It's also worth noting that, over the past few decades, most academic fields have been getting increasingly skeptical of the value of correlative research on pre-existing data sets. Even among people who have been extensively trained in how to do it properly. And yet, the vast majority of big data business plans I've seen in practice boil down to "collect a huge data set and then let people do correlative research on it."

Agreed, I want more scrutiny than some entity flashing “Here is the data”. It can easily be exploited behind the veneer of data-based-credibility.
> I submit that Big Data is the high interest home equity line of credit of business operations debt.

I like this but it's kinda like the payday loan of business operations.

>that if you give everyone access all the time the magic will happen

There's much ongoing discussion about this is the data world, often revolving around "self-service analytics".

Unless you're talking about "our analysts don't have to clean data all the time", which, for a large enough organization makes sense, "self-service" for non-technical folks is futile and pointless. They need specific answers to specific questions, not the ability to infinitely explore the data. Organizations should desire that kind of focus, not prevent it.

They idea was that they were going to hire an army of data scientists and become google...magically.

Reality smacked that shit down hard. I left data engineering because the projects were all over the place, wildly undisciplined and unfocused.

You were lucky to have source control let alone an understanding from the business that these projects were in fact software development.

I switched back to software engineering because at least there is a faint realization that we are...building software.

I might go back when the dust clears.

"Why do we need to hire programmers...I thought we needed data engineers?"

"Because the data pipelines are all built with thousands of lines of code. Java, python, Fortran, you name it...and your job post only mentioned SQL and data modelling"

I could go on forever.

This is the constant argument I have with people about data products.

You don't need to expose more dimensions or get the users more access to the raw data. You need to understand what their business is and what their business problems are and help them answer those specific questions quickly and succinctly.

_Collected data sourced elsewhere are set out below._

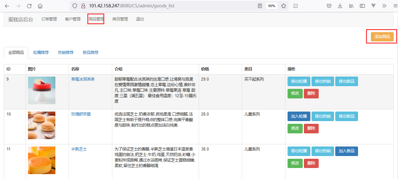 (11,'半熟芝士','picture/11-1.jpg','picture/11-1.jpg','picture/11-1.jpg',38,'为了保证芝士的香醇,半熟芝士借鉴日本温泉煮鸡蛋的做法,把芝士,牛奶,鸡蛋,天然奶油,砂糖,小麦粉拌成面糊,通过水浴蒸烤,保证芝士蛋糕细嫩,柔软,留住芝士的香醇细滑.',10,3),(12,'青森芝士条','picture/12-1.jpg','picture/1-2.jpg','picture/12-1.jpg',36,'青森芝士和风轻拂,,奶香浓郁,质地柔滑,口感细腻.',10,2),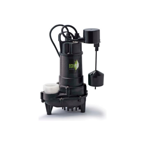 Eco-flo ecd75v submersible sump pump, cast iron, 3/4 hp, 6000 gph heavy duty cast iron construction for strength & durability features: available in wide angle (requires 18" minimum diameter wide sump basin) or vertical (for sumps less than 11" in diameter) automatic on/off switches continuous duty, efficient 115v psc (permanent split capacitor) motor for lower carbon footprint; higher efficiency using less energy to operate 8' power cord on ecd30/33/50 and 10' power cord on ecd75 submersible for quiet operation 1-1/2" fnpt discharge (ecd75 2" fnpt discharge, includes 2" mnpt x 1-1/2" fnpt adapter) non-clogging vortex, thermoplastic impeller passes 1/2" solids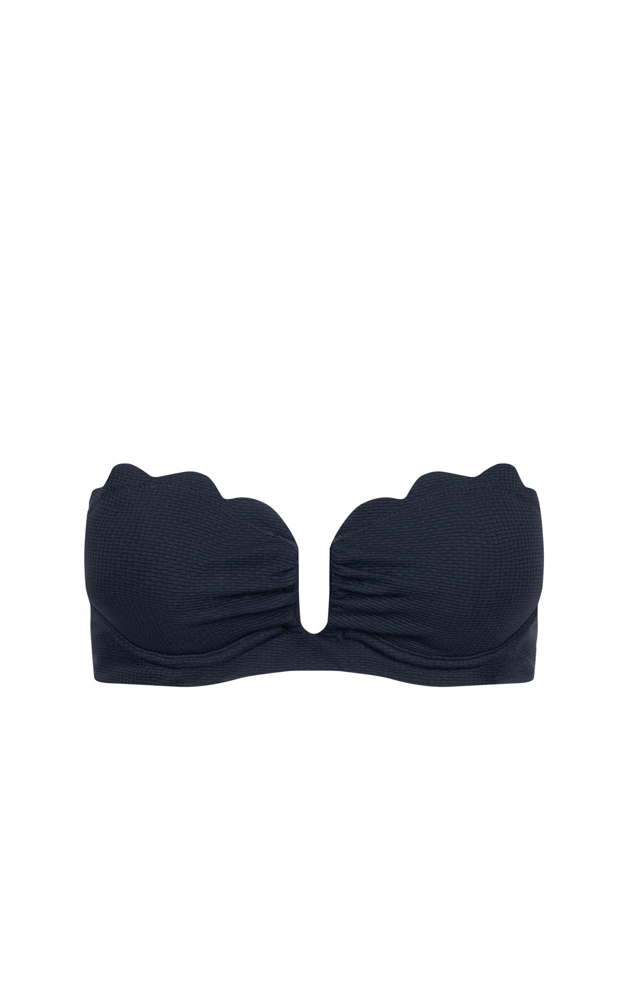 The Lisbon Top is one of our newest silhouettes for Spring 2025. It features a strapless neckline with a deep center notch for a feminine fit. Light ruching along the cups add shape and texture, while structured underwire provides lift and support. The top is lined with our signature, scalloped detailing and is secured with a clasp closure. It pairs perfectly with any of our classic, scalloped bottoms. Featured in our seasonal Black colorway.

Yes, there are certainly times where people use huge amounts of raw data to uncover the answer to a question they didn't know they had. But it's rare, it's expensive to support, and most businesses are going to be able to do anything with it anyway (a whole org built to do X isn't suddenly going to shift to do Y because you discovered some insight in a random report).

I've seen data errors because of joins and aggregations. Data democratization can be a net negative, especially if people don't question the graphs they see.
Do you know what the author means by 'left' here? Probably not moving bits around in a way that equivalent to multiplying by powers of 2?